The Application of Technology to the Judging Process

Part 4 - Implementation Strategies

This is the fourth of four articles on the use of computer technology in the judging of figure skating competitions. Part 1 discusses a rigorous approach to investigating the potential role of computer technology in the process of judging competitions, and describes the development of a computer model of the judging process as it currently exists. Part 2 describes many of the specific details of this computer model for the various figure skating events. Part 3 describes a software implementation of the model and includes a downloadable version of the annotation software developed with the model. Part 4 discusses implementation issues for a point model based scoring system.

Introduction

Much of the discussion about the merits of a computer based scoring system have centered on the development of the point model, the impact it has on the nature and identity of skating, and the ability of humans to judge competitions on an absolute point scale accurately, consistently and reliably.

On top of all these issues there is yet another level of complexity that has received scant attention from the ISU and only slightly more attention in general discussions; that being the question of how does one actually implement in hardware and software the intended system so that is operates reliably and can be used with confidence. In an article on her web site, Sandra Loosemore has discussed some of the documented cases in the last year where "glitches" in computer systems have created problems at USFSA and ISU competitions. These cases illustrate both the potential seriousness of the problem and suggest that the ISU has yet to address implementation strategies in their full complexity and with the sophistication the project requires.

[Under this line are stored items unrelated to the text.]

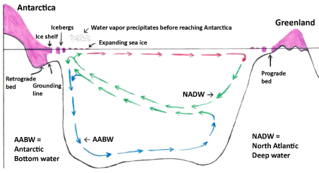 Per studiare gli effetti della crescente fusione di ghiaccio della calotta groenlandese e dell’Antartico sono stati usati simulazioni numeriche climatiche, dati paleoclimatici ed osservazioni sui processi in corso. Infatti, la mappa mondiale dell’anomalia delle temperature mostra ovunque aumenti rispetto al periodo di riferimento 1981-2010, eccetto che nell’Atlantico a sud della Groenlandia e attorno all’Antartide, dove si osserva un raffreddamento determinato della fusione dei ghiacci continentali. Tale fenomeno, sta avvenendo con una o due decadi di anticipo rispetto a quanto previsto dai modelli climatici, e potrebbe essere l’inizio di un processo irreversibile. In pratica, l’afflusso di acqua dolce nell’oceano, con la sua densità minore rispetto le acque salate, provoca una stratificazione che intrappola l’acqua calda, impedisce l’omogeneizzazione della temperatura dell’oceano e rallenta (per ora, ma potrebbe interromperla) la circolazione termoalina. A sua volta, con un effetto di feedback positivo l’acqua calda destabilizza le lingue glaciali antartiche dal di sotto, penetrando lungo la superficie rocciosa di fondo, che in Antartide si approfondisce verso l’interno del continente. La perdita di ghiaccio sembra progredire in maniera esponenziale piuttosto che in maniera lineare, come nei modelli considerati dall’IPCC, possibilmente con tempi di raddoppio della velocità di aumento del livello marino vicini al termine inferiore dell’intervallo sinora stimato, cioè 10 anni. Ciò significa che entro la fine del secolo il livello marino potrebbe salire di molti metri. A livello atmosferico, il raffreddamento delle acque superficiali nel nord Atlantico e nei mari meridionali causa un aumento del gradiente delle temperature dell’atmosfera e dell’energia cinetica dei vortici, favorendo tempeste più potenti.
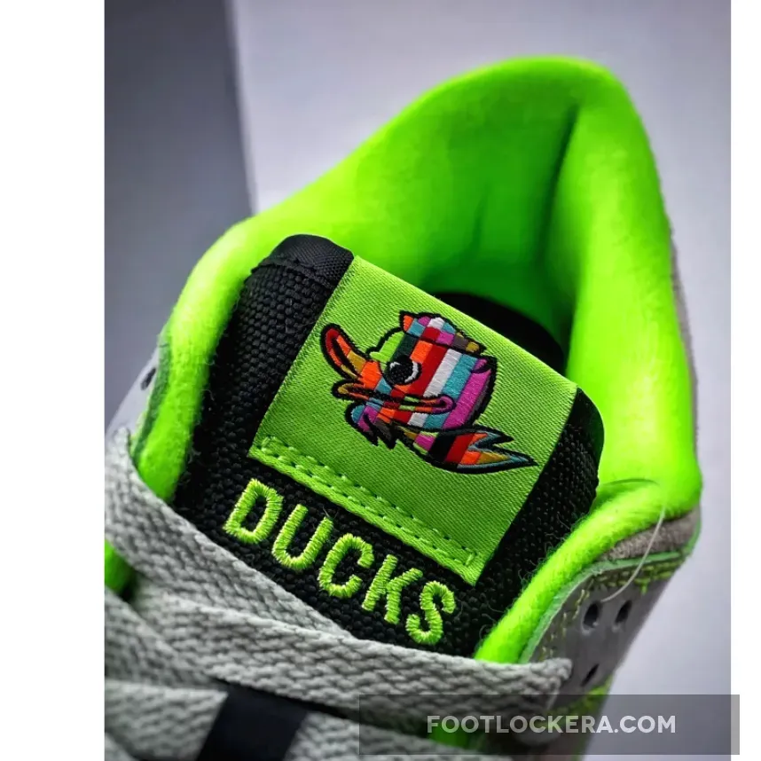 Illuminating the pair comes a vibrant green which runs across the stitching and interior linings, matching the shoe tongue label and ‘DUCKS’ embroidery. Lastly, a Flying Formations NFT graphic logo complements the thematic pair alongside Tinker Hatfield’s signature on the interior of the tongue label.
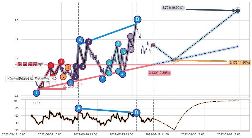 ♘ 在最后的上升阶段2022-05-24 14:00至2022-08-03 14:00存在 持续未破位的支撑位 ,支撑价格3.130,支撑可信任强度84.35%,其距离最后价格3.340相差 -6.30%
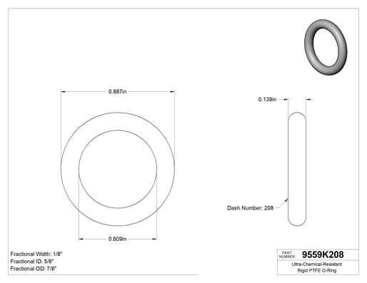 1/8 (3.17 mm) Kesirli Genişlik, Dash Numarası 208
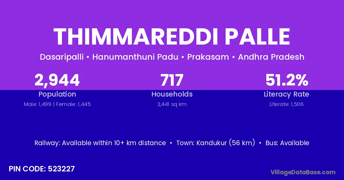 According to Census 2011 information, the village code of Thimmareddi Palle village is 523227.
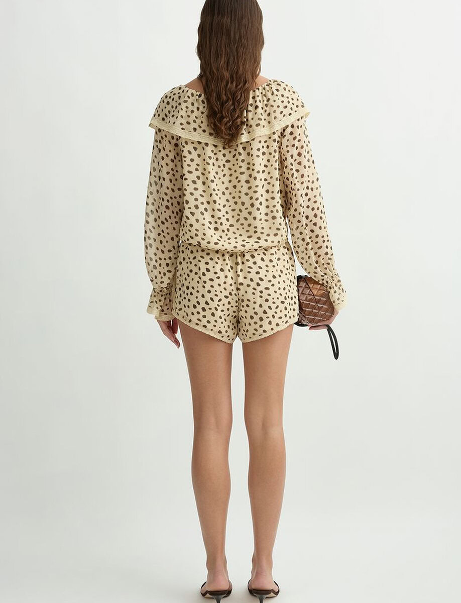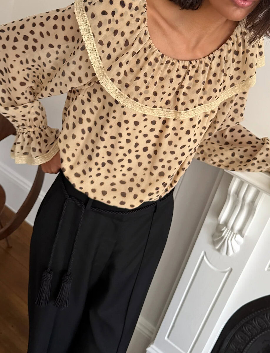 Crafted in lightweight silk georgette, our Priscilla Blouse is designed for a relaxed fit with soft, billowy sleeves. Featuring elasticated detailing at the neckline and cuffs, an adjustable waist tie to define the silhouette, it offers effortless elegance with a refined finish.
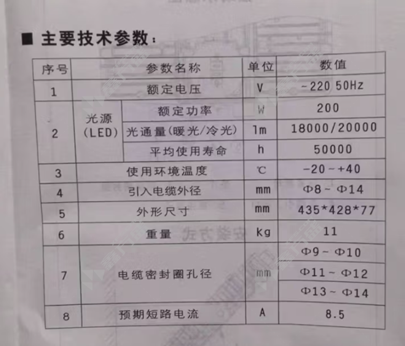 包装清单:LED防爆泛光灯*1台

As any longtime program can attest, it is one thing to throw together a program that works adequately for the person who developed it and knows all its ins, outs and quirks. It is quite another to write a bullet proof applications that any person can use without it hanging or breaking, and which anticipates every possible thing the user may do. When it comes to developing a complex system, such as what is being proposed by the ISU, there are a number of tried and true approaches that maximize the chance of success (and minimize the amount of grief) to improve system reliability. The following is a discussion of some implementation issues and strategies that are relevant to developing a complex computer based scoring system.

And as one might infer, we wouldn't be writing about these issues if we thought the ISU was doing it right.

Software Testing and Validation

In other articles I have written about testing and validating the point model. Those discussions were limited only to testing and verifying the mathematics of the point model. Having decided on the point model, it must next be implemented in software. This software must also be tested and validated to prove that it actually computes the point model the way it was intended; i.e., that the software is bug free.

Just like proof reading your own writing, testing and validating your own software always tends to let some fraction of bugs slip on through. Some of the examples Sandra Loosemore has discussed are clearly the result of inadequately tested software, others the result of a lack of flexibility built into the software.

For complex software used in critical applications where bugs cannot be tolerated, the standard approach is to set up a formalized, standardized testing and validation program for the software; and in general it is better to have the software tested and validated by a group separate from the development team. The ISU is not doing this. In fact, the ISU isn't letting any outside experts review its activities related to its project. This is a short sighted and dangerous approach.

First, no one for a moment believes that whatever system the ISU will have when it declares victory, will be the final word on the point model or the system. One can expect the point model and other aspects of the system will continuously be tweaked and modified over and over again. History shows that the skating world is incapable of leaving the rules of skating alone for more than about three months at a time. Every time the rules are changed in a way that changes the point model, the software will have to be retested and revalidated. This means there will be a constant chance of errors propagating into the software. To minimize that problem a permanent testing and validation process must be established, and a certification procedure established and used every time the software is revised.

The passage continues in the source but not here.